Search code examples
pythondictionaryscipysparse-matrixkey-value

How to create a sparse binary matrix from a dictionary in python


I have a .tsv file from which I've created a pyhton dictionary where the keys are all the movie_id and the values are the features (every movie has a different number of features).

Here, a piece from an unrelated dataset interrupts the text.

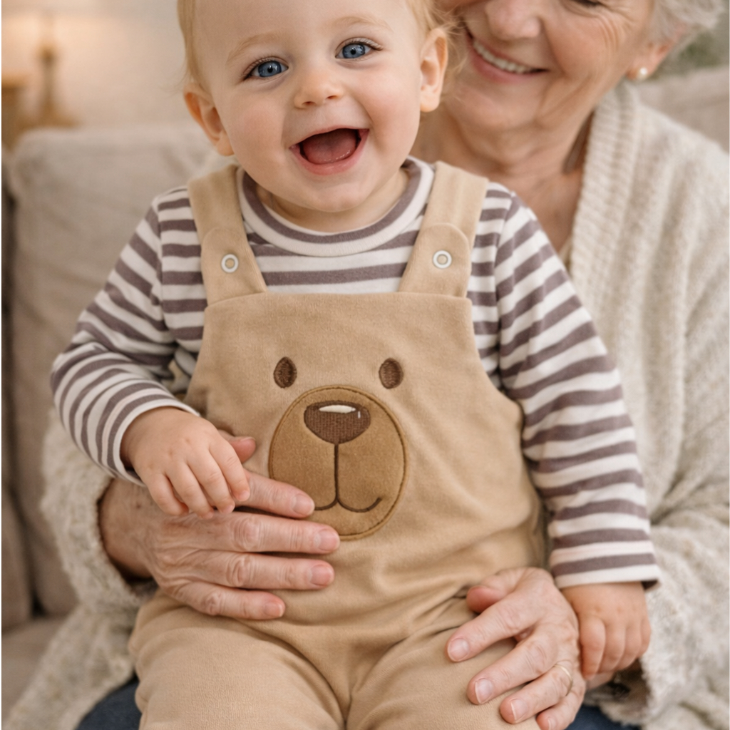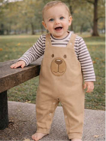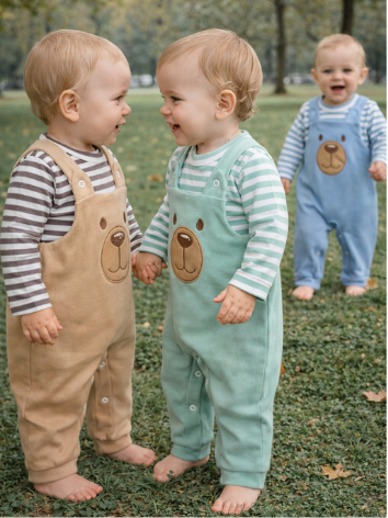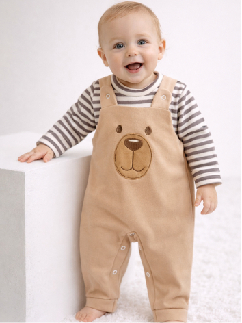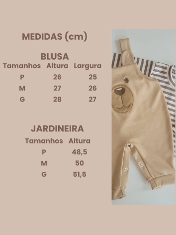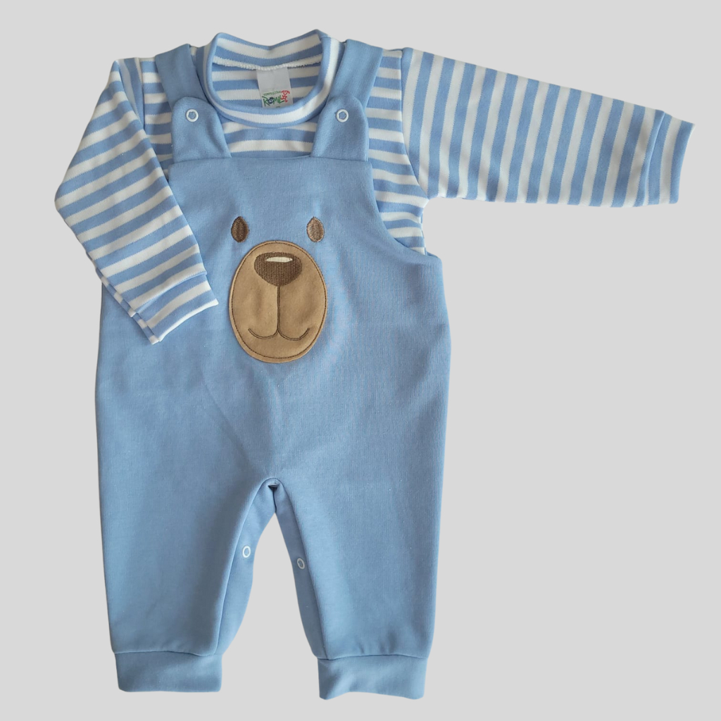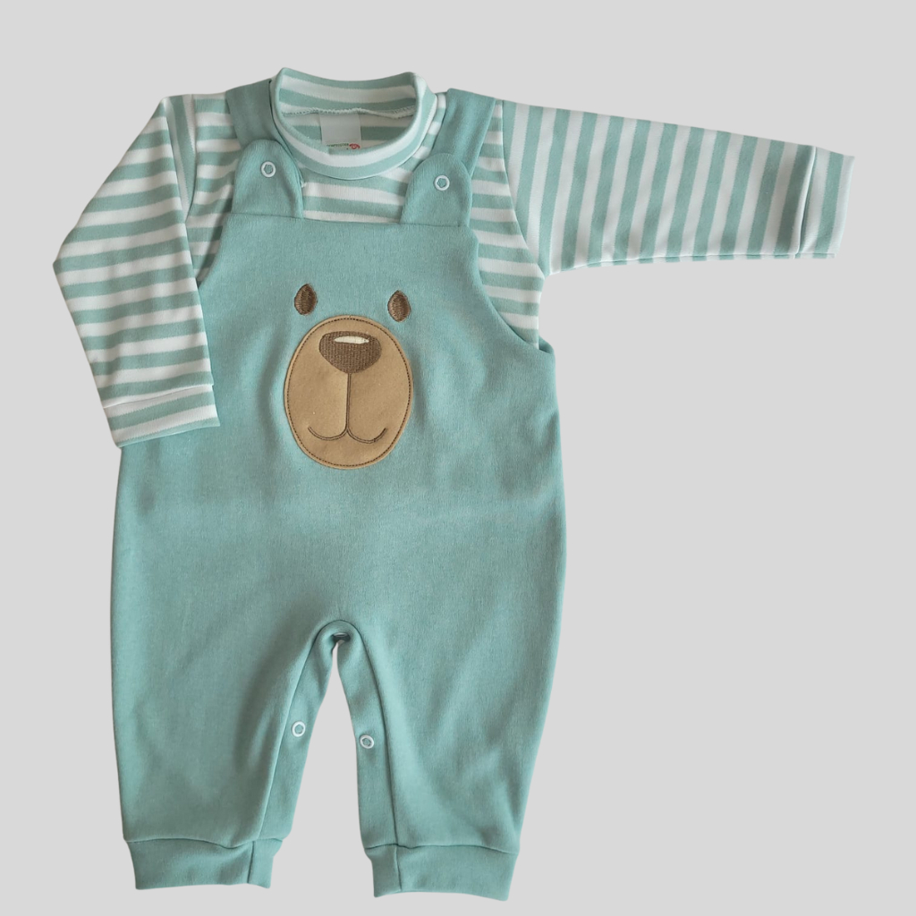 Conjunto para Bebê Menino Jardineira + Camiseta Longa Bordada Listras Inverno Algodão

Here's an example of my dictionary:

enter image description here

Goal to achieve:

From this dictionary I want to create an item-features sparse matrix to use for a recommender system project. At the end I would like to have a binary sparse matrix with 1 when a movie has a certain feature. Something like this:

enter image description here

My code:

To create the dictionary:

def Dictionary():
    d={}
    l=[]
    with open(filepath_mapping) as f:
        for line in f.readlines():
            line = line.split()
            key = int(line[0])
            value = [int(el) for el in line[1:]]
            d[key] = value
    return(d)

movie_features_dict = Dictionary()

To create the item-features matrix from the dictionary:

n = len(movie_features_dict)
value_lengths = [len(v) for v in movie_features_dict.values()]
d = max(value_lengths)
print(f"ITEM*FEATURES matrix shape: {n,d}\n")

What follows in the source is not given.